From NPR, “Patients Find Each Other Online to Jump-Start Research”

Also, the Philadelphia Inquirer,


“… you can still wear a pretty blouse.”

These words were spoken by a gentleman cardiologist on a mind-bending afternoon at the Cardiovascular Technology Conference. To me, they generalize the lack of understanding many women experience as heart patients.

It all began with male and female cardiologists. In several different presentations, the speakers made reference to the idea that off-pump bypass was preferable for “a better cosmetic result.”

Back it up. Are they saying what I think they’re saying? That all we women-folk care about is a plunging neckline?

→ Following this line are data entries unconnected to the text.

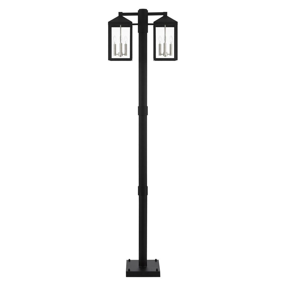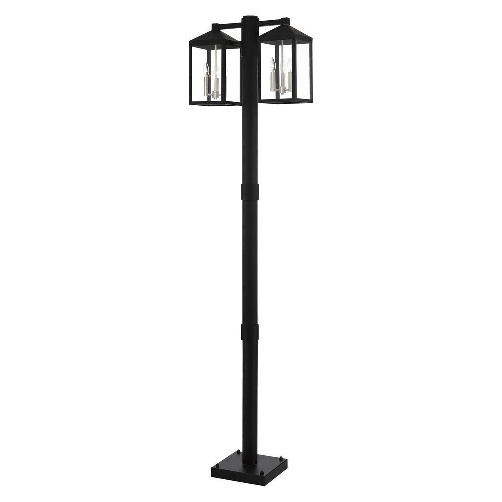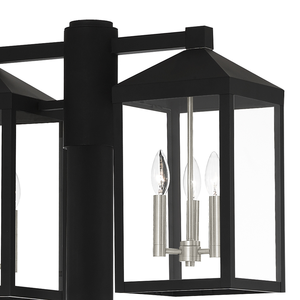 Multi Head Black Outdoor Post Light with Brushed Nickel Accents and Clear Glass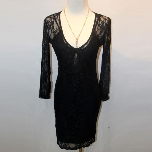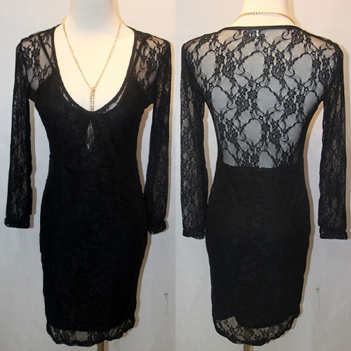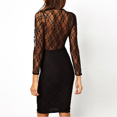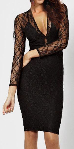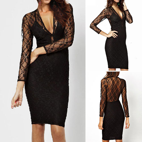 Its see-through lace spliced and deep v-neck design make this dress look so sexy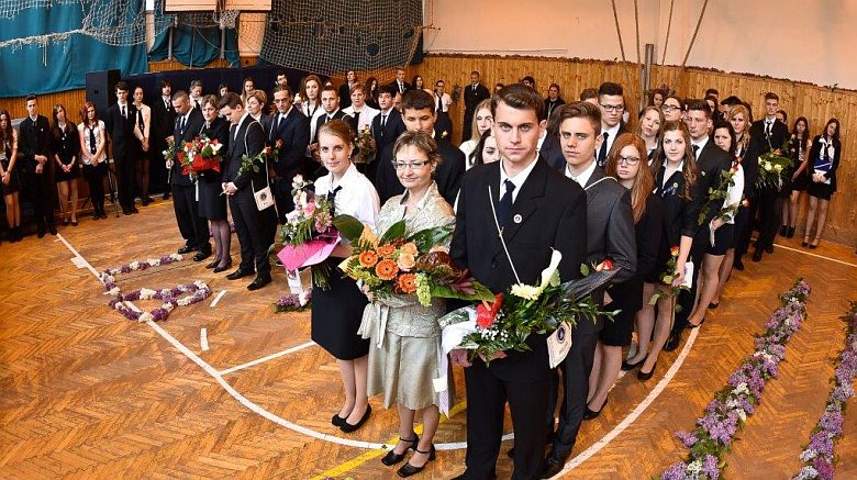 A Kodolányi János Középiskola és Kollégiumban is a tornateremben volt az idei ballagás az eső miatt.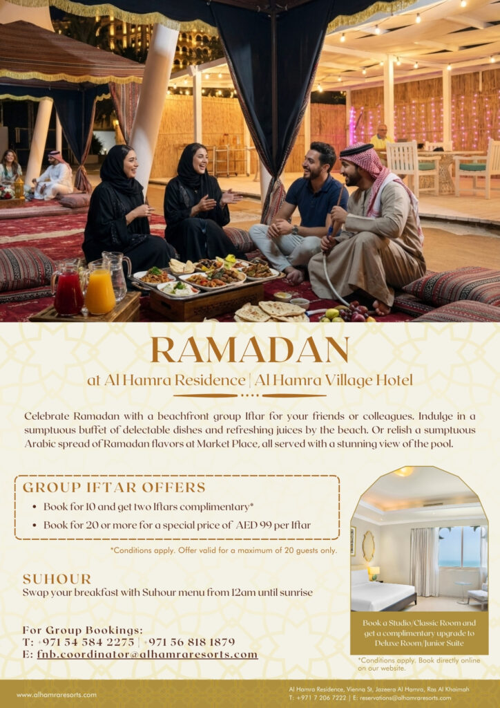 Good food. Ocean air. Thoughtful touches. And group deals that actually make sense. If your idea of Ramadan includes meaningful gatherings without the chaos, Al Hamra’s got your back—beautifully.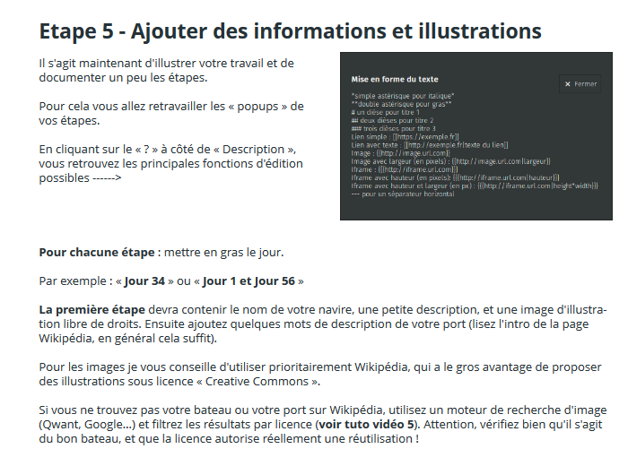 Pour cela des tutoriels rappelaient aux élèves comment trouver des images libres de droits, et comment les référencer correctement selon le type de licence.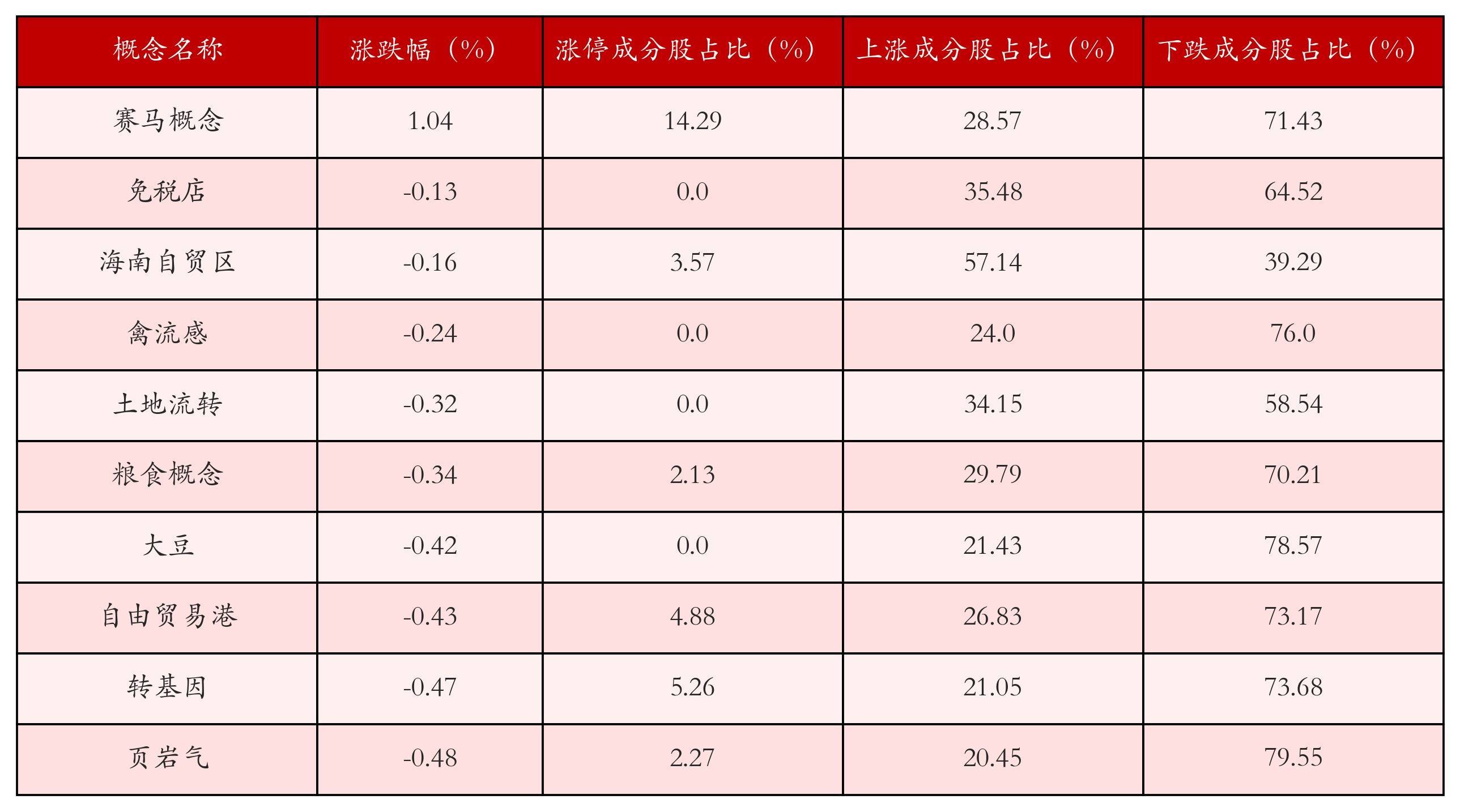 根据A股概念涨跌幅与所对应的股票池综合分析,涨幅靠前的三个概念板块分别为:赛马概念、免税店与海南自贸区。排名前10位的概念板块相关数据见下表: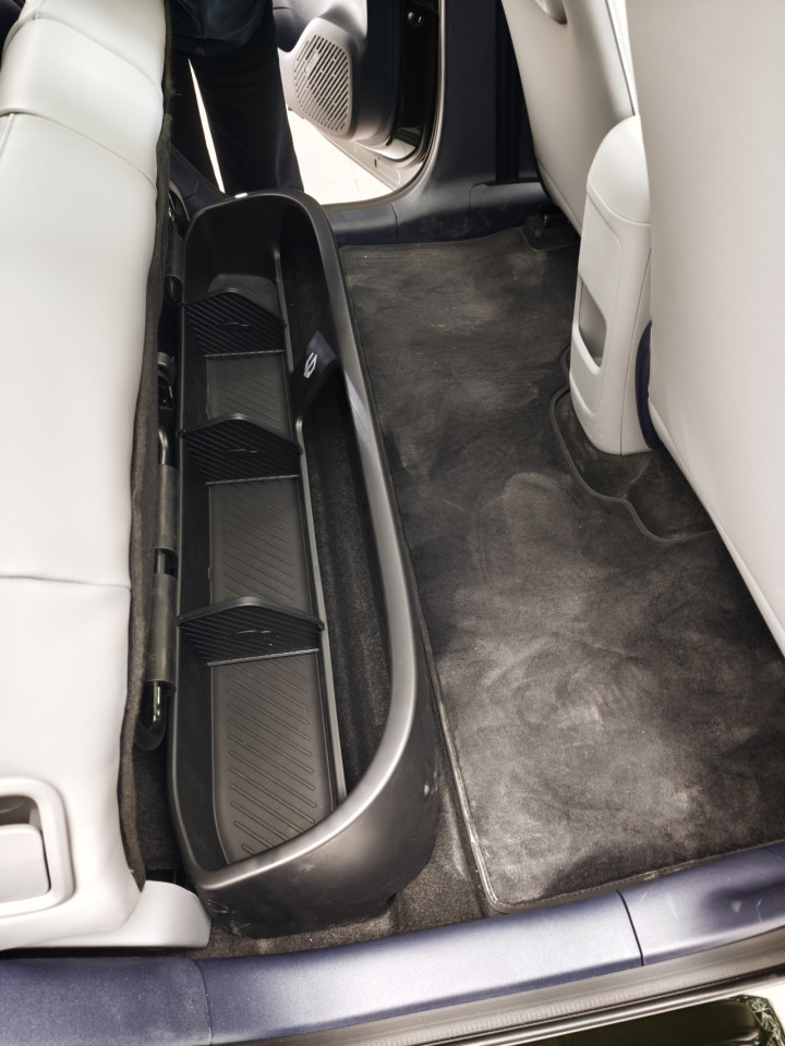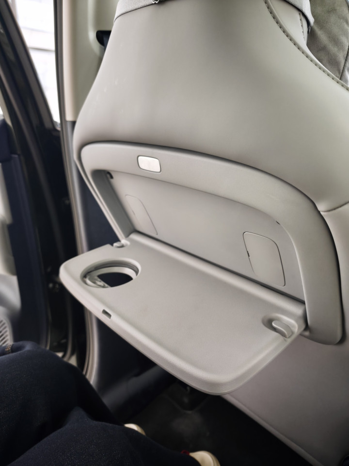 后排则是配备了一样于魔术座椅的坐垫翻折功能,以及天然面积不大但吃零食、放水杯时还算实用的小桌板,这些皆会很招引东说念主——坐垫翻折之后放大件物品,好像是佩戴大型犬坐车;小桌板放个水杯之类,皆是真切了用户的用车场景而联想,这点重点赞。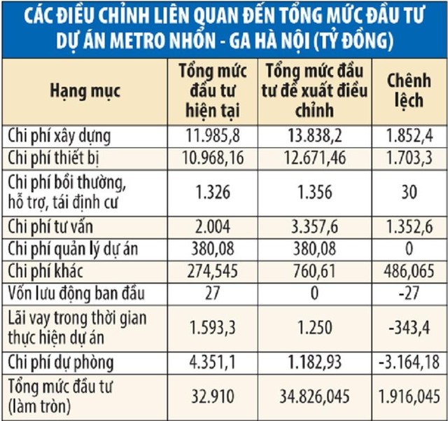 Cũng tại tờ trình trên, UBND TP. Hà Nội đưa ra tổng mức đầu tư mới của Dự án là 34.826 tỷ đồng (tăng 1.916 tỷ đồng), trong đó ngân sách Thành phố tăng 3.895,93 tỷ đồng và giảm vốn vay ODA 1.979,93 tỷ đồng, đồng thời xin gia hạn thời gian các hiệp định vay của Dự án đến hết ngày 31/12/2029 (đến hết thời hạn bảo hành Dự án).
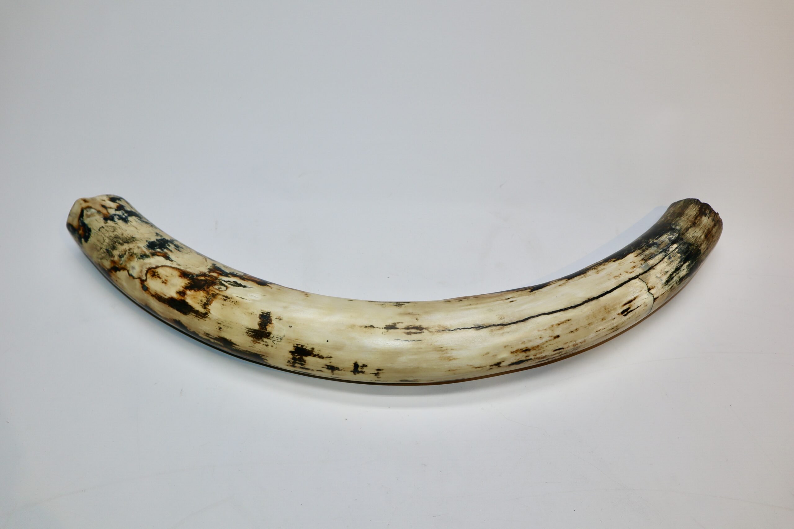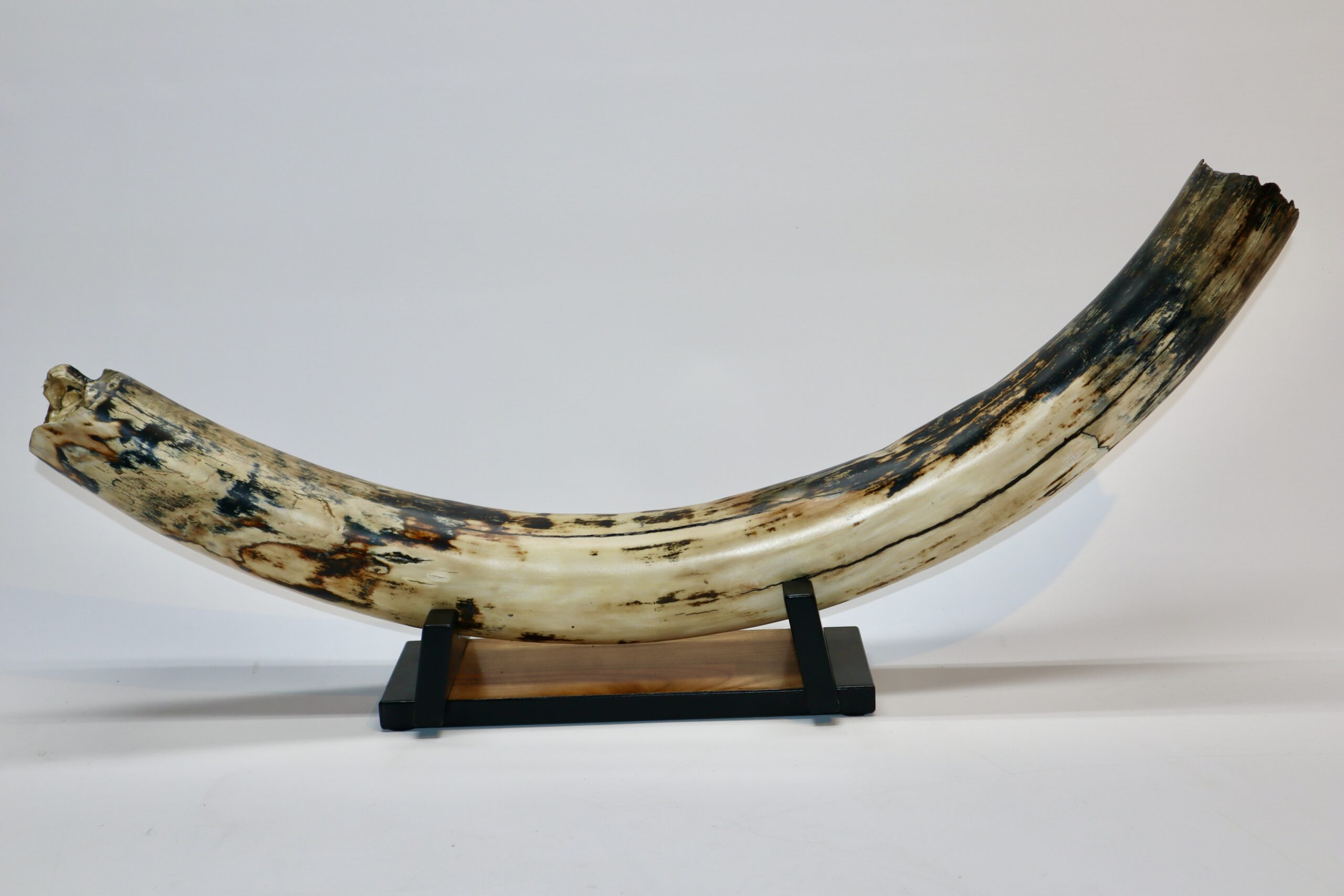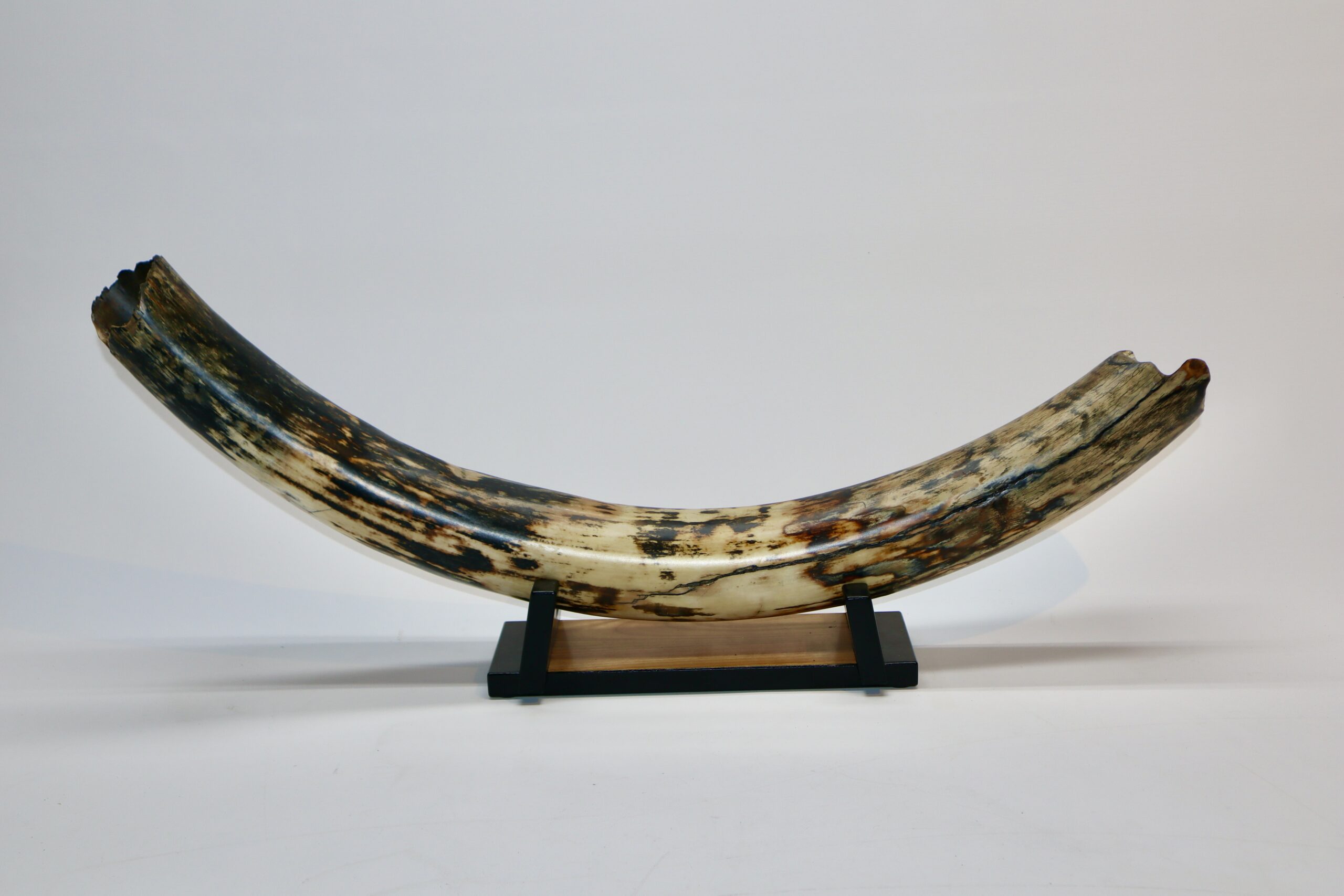 On offer is a fantastic half tusk of a Woolly Mammoth from the Pleistocene era. Although it is only a half tusk, otherwise it is in excellent condition as seen in the images. This is the middle part of the tusk, the base and tip are missing. Wonderful condition, no restoration whatsoever. This tusk piece is of beautiful ivory of mainly white, gold, grey and brown ivory, and with stunning patterning. Fantastic piece and highly recommended. The black and white section of the ruler in the image represents 10 cm / 3.9 inch. This piece has been applied with a matt finish, but it is also possible to order it with a glossy finish.

I reprogrammed my ears and tried again. Nope. The remaining speakers expressed the same concept. Off-pump or beating heart bypass offered the benefit of superior cosmetic result. No mention of reduced pain, stress, and potential complications during recovery.

Not a single cardiologist or surgeon mentioned improved PHYSICAL outcomes. It was all cosmetic.

Later, when a cardiologist attending the conference stopped at the WomenHeart information booth, I brought the topic up. It was so interesting, I suggested, that the speakers viewed women’s sole concerns as superficial, not physical. I explained I’d had bypass and ended up with two additional surgeries to complete a sternal closure because of complications.

He gestured to the scar peeking out of my neckline and said, “Well, it looks good.”

I attempted to drive my point home: “But think of the extra recovery time, not to mention medical expense and anguish, involved with a sternotomy.” I added it was surprising not one single doctor had mentioned these benefits to off-pump in the earlier talks.

My query fell on deaf ears. “Well, you can still wear a pretty blouse.”